* _What is being asked_
Copy out each line of the entries where the word "with" is present.

* _Extracted material_

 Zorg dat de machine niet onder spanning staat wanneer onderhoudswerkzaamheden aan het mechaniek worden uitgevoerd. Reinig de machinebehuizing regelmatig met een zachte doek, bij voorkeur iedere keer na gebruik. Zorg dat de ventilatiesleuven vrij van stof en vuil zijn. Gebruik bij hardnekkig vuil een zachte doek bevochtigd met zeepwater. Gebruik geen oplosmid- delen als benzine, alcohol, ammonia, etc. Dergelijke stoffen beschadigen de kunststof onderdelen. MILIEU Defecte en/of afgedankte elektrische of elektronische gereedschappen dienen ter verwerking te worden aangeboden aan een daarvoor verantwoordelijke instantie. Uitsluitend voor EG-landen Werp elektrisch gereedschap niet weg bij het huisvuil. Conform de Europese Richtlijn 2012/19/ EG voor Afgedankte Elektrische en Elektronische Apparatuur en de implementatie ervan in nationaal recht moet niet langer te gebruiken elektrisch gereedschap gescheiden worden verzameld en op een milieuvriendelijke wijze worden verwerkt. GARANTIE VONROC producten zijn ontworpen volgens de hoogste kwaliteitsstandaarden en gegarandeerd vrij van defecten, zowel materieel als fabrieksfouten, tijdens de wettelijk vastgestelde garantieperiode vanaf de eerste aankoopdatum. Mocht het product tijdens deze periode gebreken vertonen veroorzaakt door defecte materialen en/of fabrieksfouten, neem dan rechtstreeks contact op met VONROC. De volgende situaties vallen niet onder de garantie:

--

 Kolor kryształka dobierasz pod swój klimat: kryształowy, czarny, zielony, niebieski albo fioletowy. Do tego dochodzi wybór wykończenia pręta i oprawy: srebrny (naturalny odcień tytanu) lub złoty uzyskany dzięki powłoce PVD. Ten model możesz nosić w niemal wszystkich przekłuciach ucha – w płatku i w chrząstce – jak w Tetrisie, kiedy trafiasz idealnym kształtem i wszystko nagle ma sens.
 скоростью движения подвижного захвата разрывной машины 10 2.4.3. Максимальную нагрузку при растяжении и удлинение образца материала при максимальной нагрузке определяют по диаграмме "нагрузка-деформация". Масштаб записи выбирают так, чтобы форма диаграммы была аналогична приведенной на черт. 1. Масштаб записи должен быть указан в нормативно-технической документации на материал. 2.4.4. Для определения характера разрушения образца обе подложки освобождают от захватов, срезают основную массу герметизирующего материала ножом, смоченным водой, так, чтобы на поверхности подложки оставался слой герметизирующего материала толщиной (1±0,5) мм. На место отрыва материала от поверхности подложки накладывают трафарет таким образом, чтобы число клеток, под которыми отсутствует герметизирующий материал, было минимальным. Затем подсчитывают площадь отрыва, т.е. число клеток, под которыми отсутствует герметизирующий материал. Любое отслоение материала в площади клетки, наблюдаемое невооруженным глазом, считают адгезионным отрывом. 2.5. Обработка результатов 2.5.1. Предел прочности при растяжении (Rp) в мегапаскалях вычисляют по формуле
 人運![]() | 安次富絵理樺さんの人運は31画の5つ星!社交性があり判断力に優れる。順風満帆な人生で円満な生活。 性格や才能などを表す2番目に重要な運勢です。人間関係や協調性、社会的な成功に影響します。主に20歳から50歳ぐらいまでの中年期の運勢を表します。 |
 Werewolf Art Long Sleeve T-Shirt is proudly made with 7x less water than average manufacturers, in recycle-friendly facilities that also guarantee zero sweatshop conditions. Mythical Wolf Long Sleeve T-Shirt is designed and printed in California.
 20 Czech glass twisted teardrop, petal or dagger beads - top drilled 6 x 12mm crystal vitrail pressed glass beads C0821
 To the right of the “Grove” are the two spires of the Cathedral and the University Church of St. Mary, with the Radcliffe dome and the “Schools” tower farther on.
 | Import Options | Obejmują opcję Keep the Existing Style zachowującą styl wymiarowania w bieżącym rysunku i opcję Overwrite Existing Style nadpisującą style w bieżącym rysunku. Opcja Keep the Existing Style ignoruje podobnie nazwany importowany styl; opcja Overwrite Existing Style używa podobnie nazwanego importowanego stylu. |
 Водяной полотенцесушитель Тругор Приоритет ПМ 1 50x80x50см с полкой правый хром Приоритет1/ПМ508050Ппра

* _Answer to this exercise_
 Werewolf Art Long Sleeve T-Shirt is proudly made with 7x less water than average manufacturers, in recycle-friendly facilities that also guarantee zero sweatshop conditions. Mythical Wolf Long Sleeve T-Shirt is designed and printed in California.
 To the right of the “Grove” are the two spires of the Cathedral and the University Church of St. Mary, with the Radcliffe dome and the “Schools” tower farther on.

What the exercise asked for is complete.